A series of obstacles stand in the way of such a deal.

The first is political.

The United States, the world's biggest polluter, did not ratify Kyoto out of concerns for its industries and now says it will not sign up to a new protocol unless this imposes strict limits also on rapidly developing countries such as China and India.
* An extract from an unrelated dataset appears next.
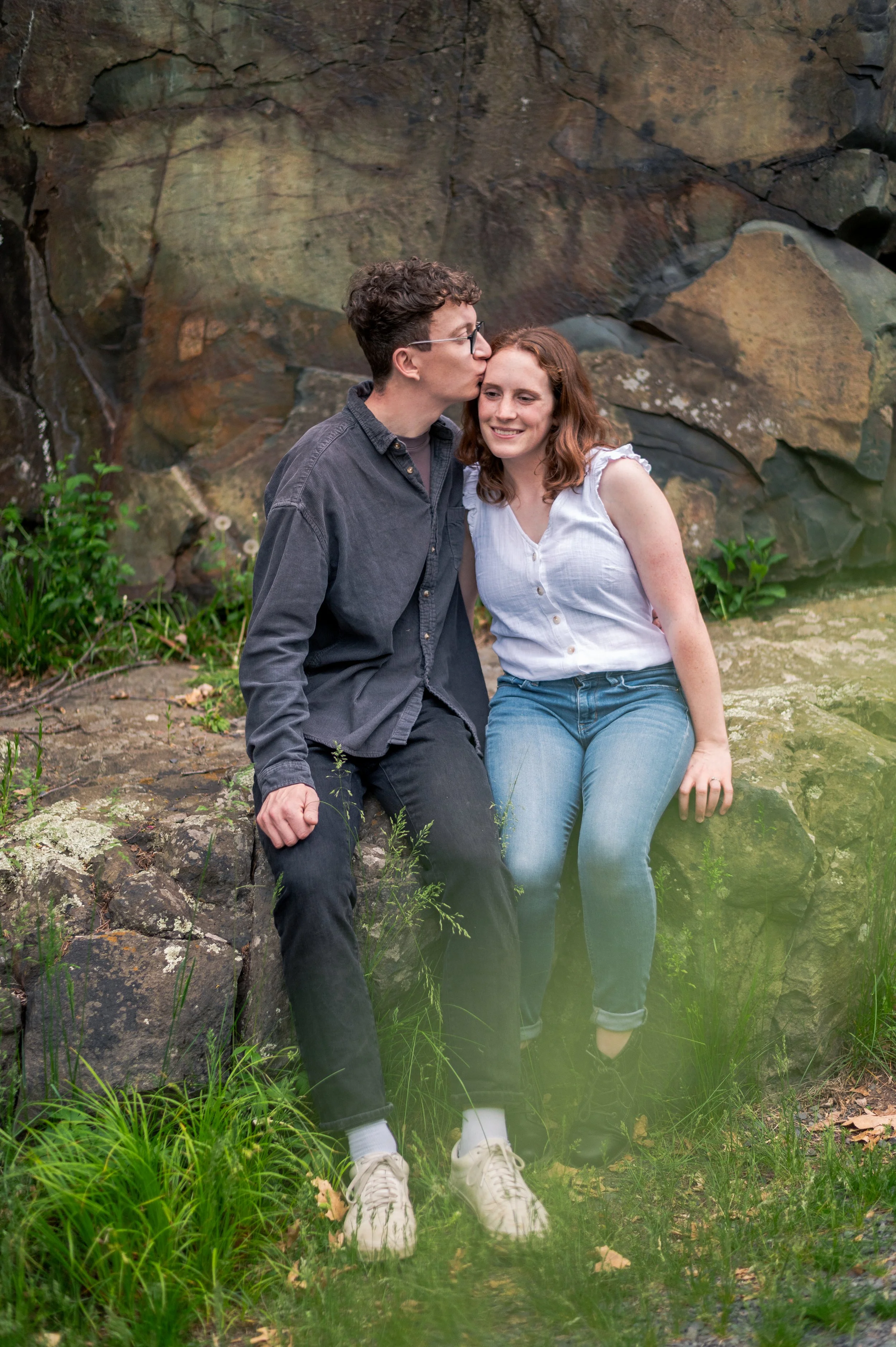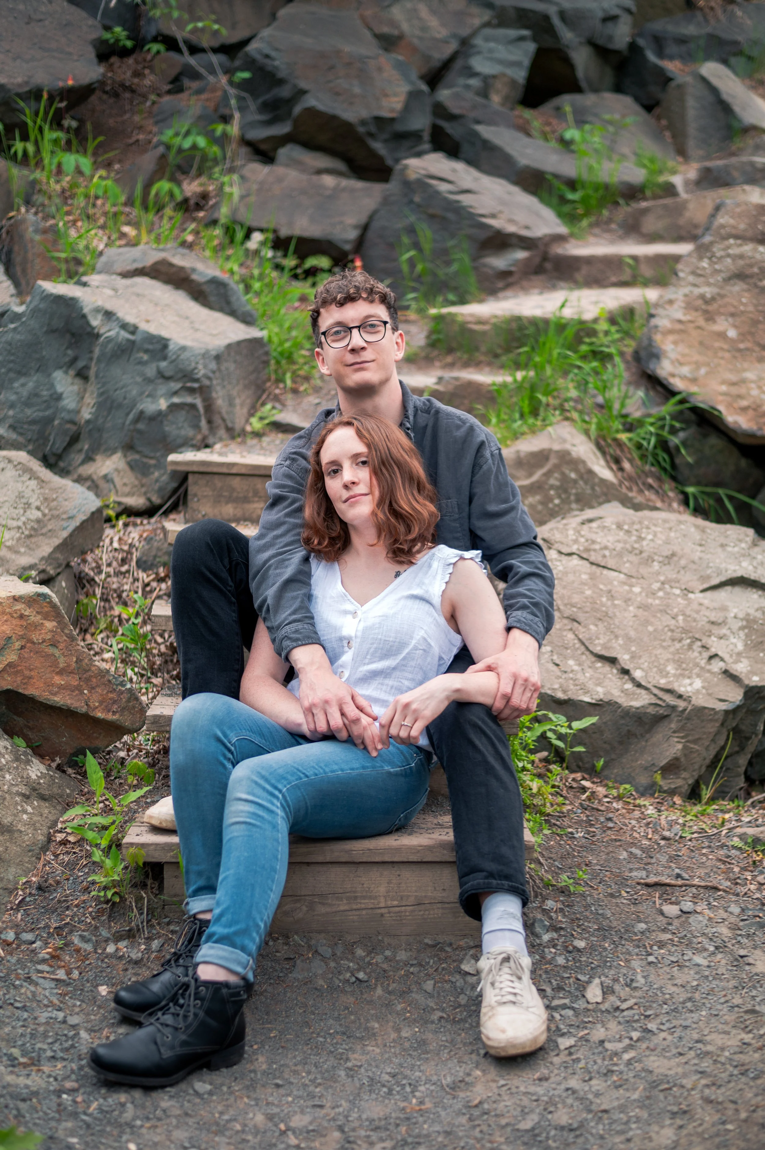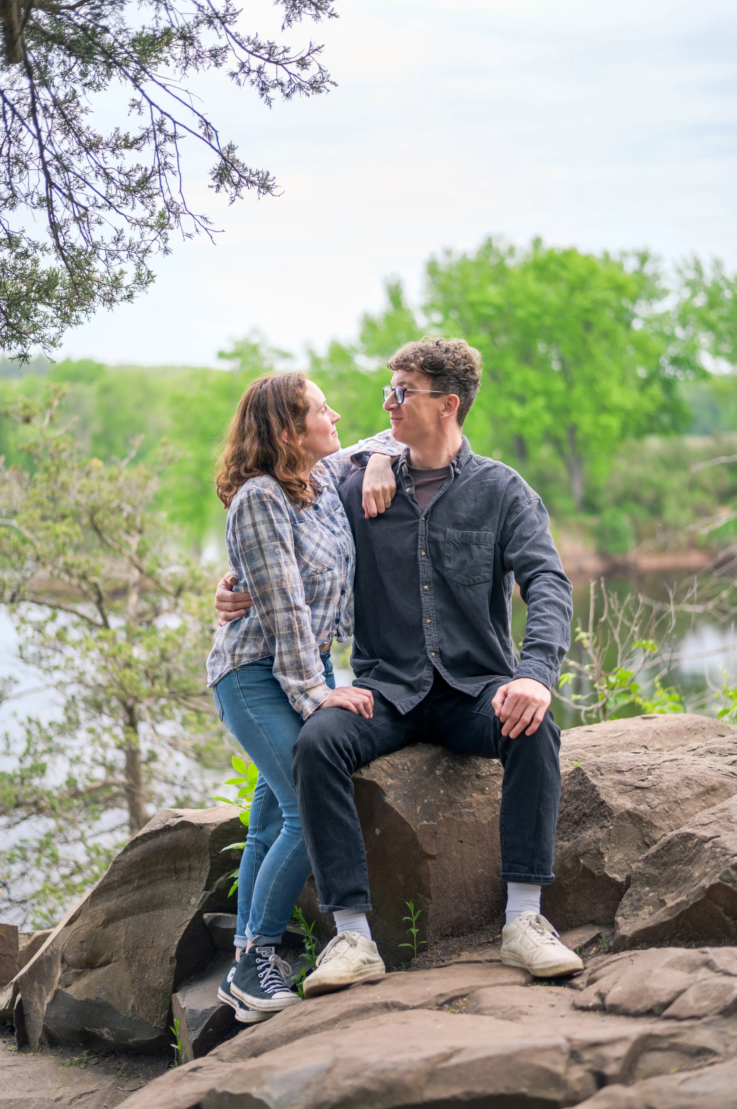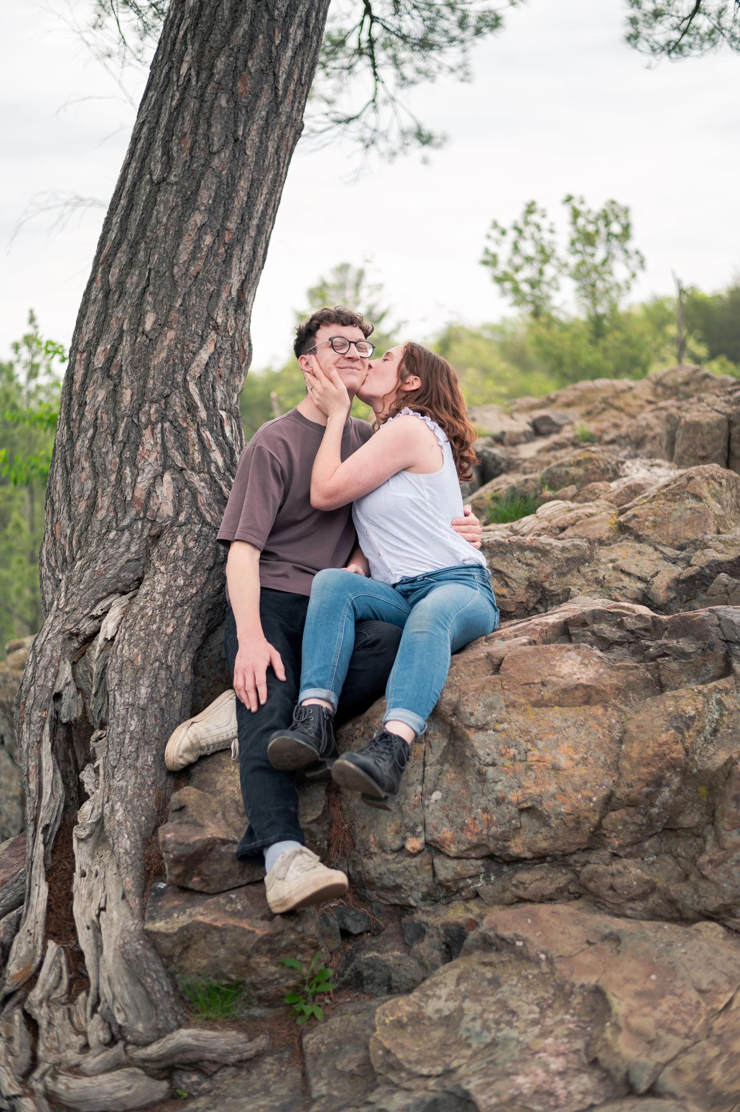 Skyler and Josh chose Interstate State Park for their engagement session. It was mid-July and there had just been a ton of rain, so we were unfortunately battling monstrously huge mosquitoes the entire time we hiked the bluffs (I can confidently say I’ve never seen mosquitoes this big, they may as well have been flies!) but these two were troopers throughout the whole ordeal. Josh, having just moved here from the UK, began developing small welts from the bites so we hustled over to the visitor center. Thankfully they relented once we arrived at the glacial potholes. We explored the nooks and crannies around us, finding pockets of quiet spaces all to ourselves despite the lot being quite full.

The second is more practical.

Even the staunchest supporters of Kyoto are failing to meet its ambitious targets. According to latest figures available, for instances, the industrial plants and power stations of Germany and Britain, two of the world's best-behaving countries on the environmental front, not only failed to cut emissions in 2007, they both increased them by about 2 percent.

And even Japan, which is challenging the European Union (EU)'s role as the world's leader on climate change, has seen its carbon dioxide emissions rise rather than fall in recent years.

Moreover, the current slowdown in the global economy risks making costly emission-reducing schemes even less popular.

As the display in Toyako proved once again, it is not only a matter of lacking political will.

Another problem is that the technology behind some the boldest environmentally friendly projects is still either untested or too expensive.

The Zero Emissions House, for instance, gets all the energy it needs from a combination of solar panels on its roof and windows and from nearby small wind turbine generators - but it currently costs three times more than a normal house.

'We hope to make these kinds of houses viable within the next 10 to 20 years,' said an official from Sekisui, one of the companies behind the initiative.

The Mazda RX-8, meanwhile, is currently only available for leasing to a handful of Japanese corporations, though a further 30 are being built for the Norwegian market.

Of more immediate benefit could be the new Toyota Prius, which has added a battery that can be recharged from home to its existing hybrid electric-petrol engine.

Toyota says the new Prius, due to hit the Japanese, European and the US markets in 2010, will produce half as much CO2 as its previous incarnation.

But the company acknowledges that existing batteries are too heavy and expensive to allow the new model to run on electric energy alone for much more than 15 km.
Environmentally conscious journalists present in Toyako were at least able to draw some relief from the fact that the building that hosted them is fitted with recyclable materials and an air-conditioning system that uses snow.